Saturated fats are mainly found in animal foods (such as meat and dairy products), but they are also found in fried foods and some packaged foods. Saturated fats have no benefit in themselves beyond the characteristics that fats in general provide, they are unhealthy because they increase the levels of LDL, ("bad cholesterol") in the body and increase the risk of suffering from diseases when heart. Trans fats come from two main sources: ruminants (dairy and meat) and the industrial hydrogenation of fats. Heating and frying oils at high temperatures are also a small source of trans fat, but the trans fats found in processed foods are more unhealthy. As with saturated fats, the evidence linking trans fat consumption and blood cholesterol levels or cardiovascular problems is solid and abundant. Trans fats have a doubly bad effect on cholesterol by increasing LDL ("bad" cholesterol) and lowering HDL ("good" cholesterol).

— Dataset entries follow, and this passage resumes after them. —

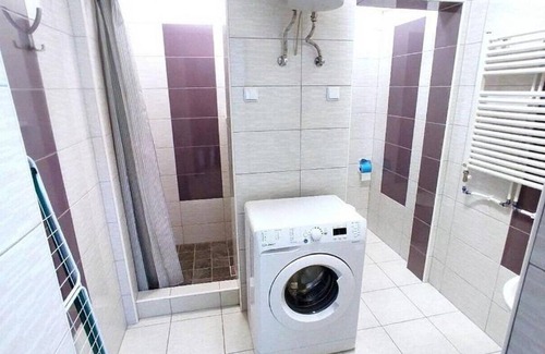 This modern 32 m² studio apartment is a perfect choice for a couple or two guests looking for a comfortable and practical place to stay. The apartment is well-equipped with free Wi-Fi, a flat-screen cable TV, a fully fitted kitchen (including a microwave and refrigerator), a bathroom with a shower, as well as access to a washing machine and a drying rack.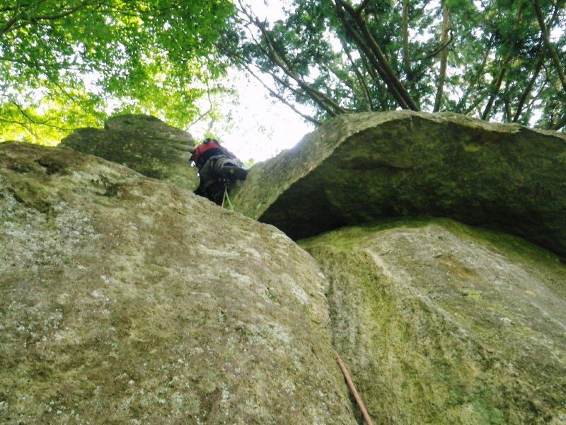 更に2ピッチ目は身体がすっぽりと入ってしまうチムニー状、背中や両手両足を突っ張って少しずつ登っていく。
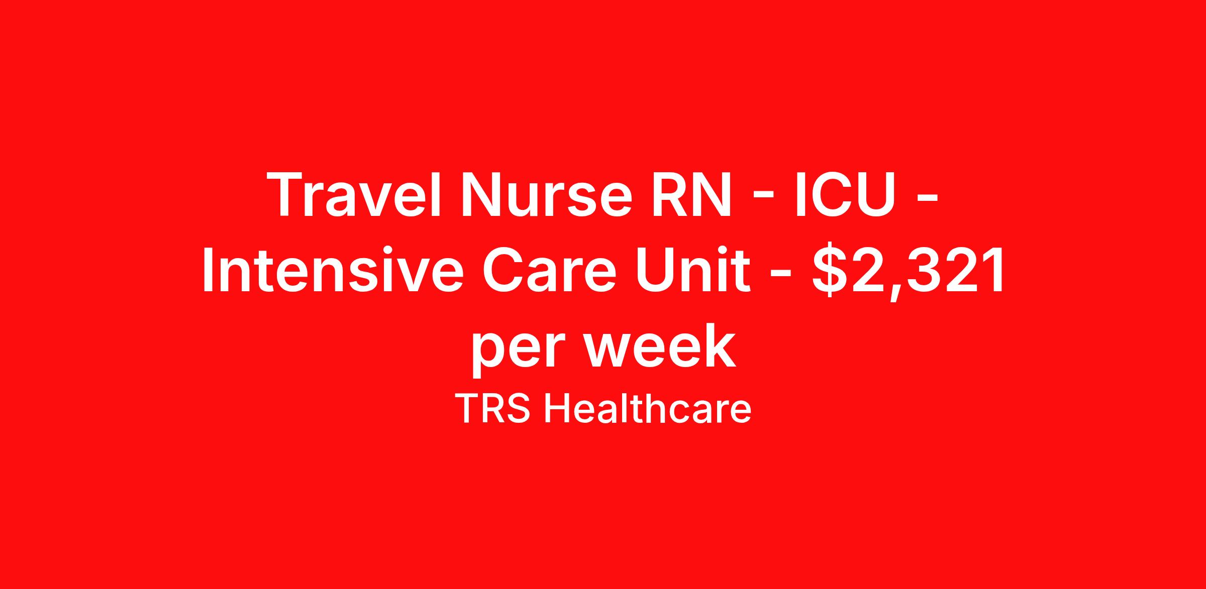 Travel Nurse RN - ICU - Intensive Care Unit - $2,321 per week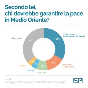 Nella gestione del processo di pace in Medio Oriente, solo il 4% ritiene che l’Europa possa garantire la pace nella regione, una quota sostanzialmente identica a quella di Israele e nettamente inferiore a quella riservata agli Stati Uniti (9%).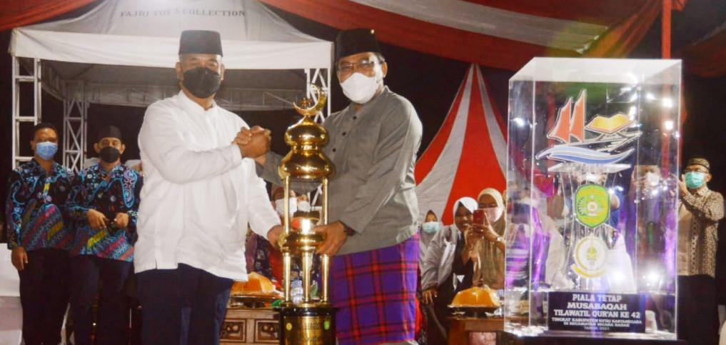 Kaltimkita.com, Kutai Kartanegara - Perhelatan Musabaqah Tilawatil Quran (MTQ) ke-42 tingkat Kabupaten Kutai Kartanegara (Kukar) tahun 2021 telah usai, Kafilah Tenggarong keluar sebagai juara umum, disusul Muara Bada dan Loa Janan. Bupati Kukar, Edi Damansyah langsung menyerahkan piala bergilir kepada Camat Tenggarong, Arfan Boma, di lapangan Mutiara Kecamatan Muara Badak, Rabu (3/11/2021) malam.
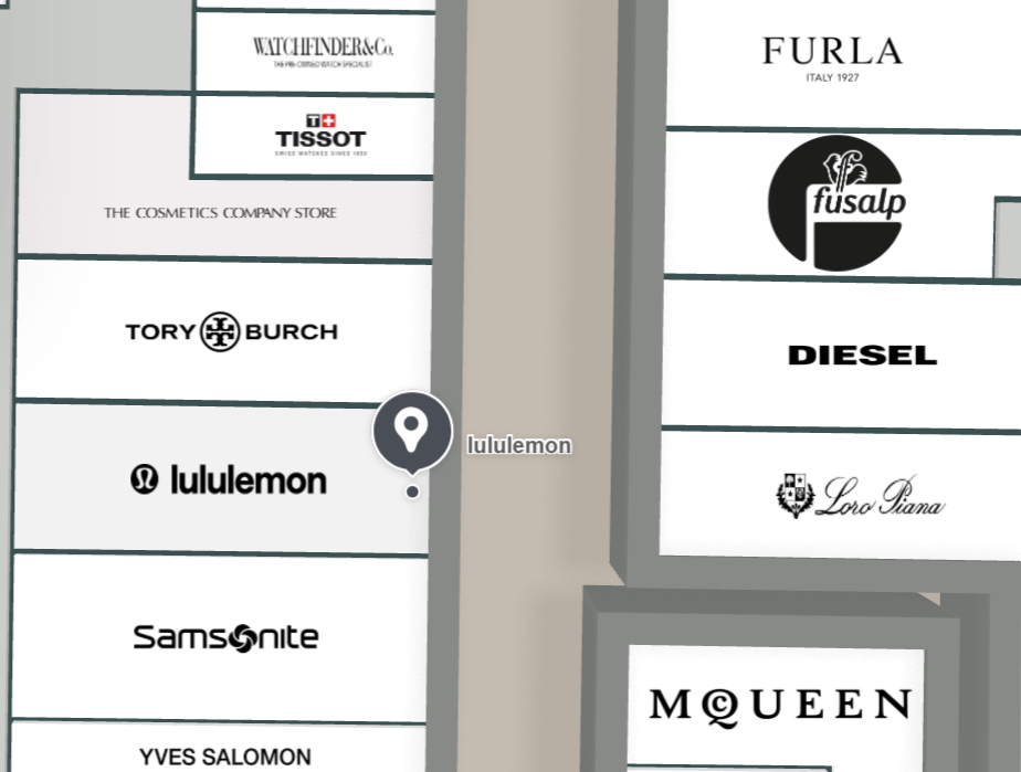 룰루레몬 매장은 샘소나이트(Samsonite)와 토리버치(Tory Burch) 매장 사이에 위치해 있습니다.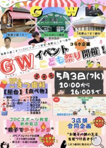 5月3日に小松歯科さんと小松駄菓子店さんとの合同イベントを行います。 [時間]    10:00〜16:00 親子で3つの試練に挑戦してお菓子をもらおう! ※当日は店舗前の駐車場が使えなくなりますので...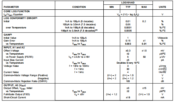 双极晶体管,LOG101建立了输入电流比的对数函数。从基极发射极电压定义为: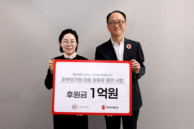 [한국시니어신문] 대상이 국제아동권리 비정부기구(NGO) ‘세이브더칠드런’과 함께하는 ‘조부모가정 아동 맞춤형 결연 사업’을 위해 1억 원의 후원금을 전달했다고 28일 밝혔다.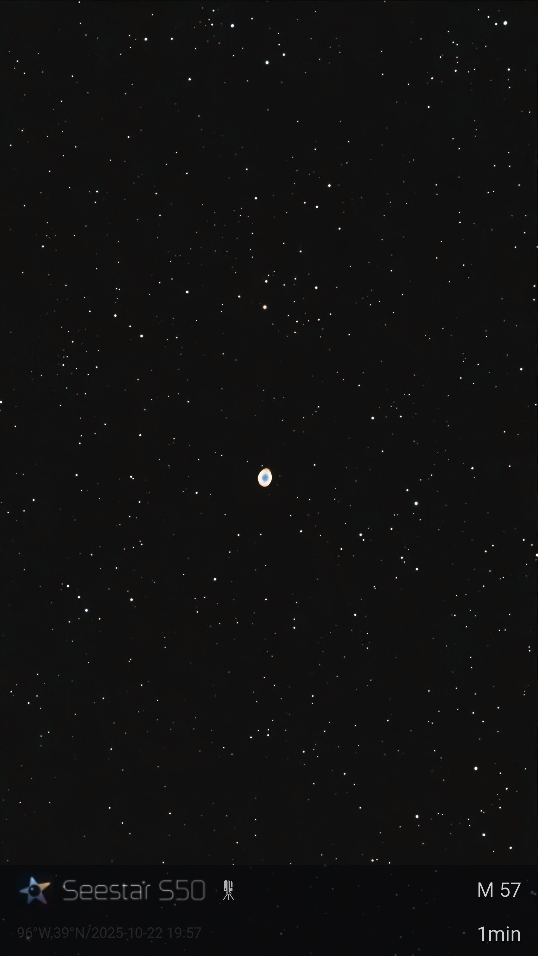 M57 (Ring Nebula) photographed with a ZWO Seestar S50 smart telescope. This image is a stack of 6 ten second exposures. The final processing (noise filtering and curves) was done with the Seestar App, Siril, and The Gimp.

Unsaturated fats have fatty acids with one or more double bonds in their molecule, and can be monounsaturated or polyunsaturated respectively. Monounsaturated fatty acids have only one double bond. The most important is oleic acid, with a double bond in position n-9 (omega-9). They are not essential fatty acids, as the body can synthesize them from other fatty acids or carbohydrates. They are present in foods of animal and vegetable origin. Polyunsaturated fatty acids have 2 to 6 double bonds. The most important are alpha-linolenic acid (ALA) of the omega-3 series and linoleic acid (AL) of the omega-6 series. They are essential fatty acids that must be ingested with the diet. Both have important functions in the body as they are precursors of substances such as prostaglandins, leukotrienes and prostacyclins that are involved in the regulation of blood pressure, kidney function, coagulation or inflammation. They are also essential in various functions of cell membranes such as permeability and the activity of enzymes and membrane receptors. Therefore, in the diet it is important to maintain a balanced proportion of the intake of both types of fatty acids.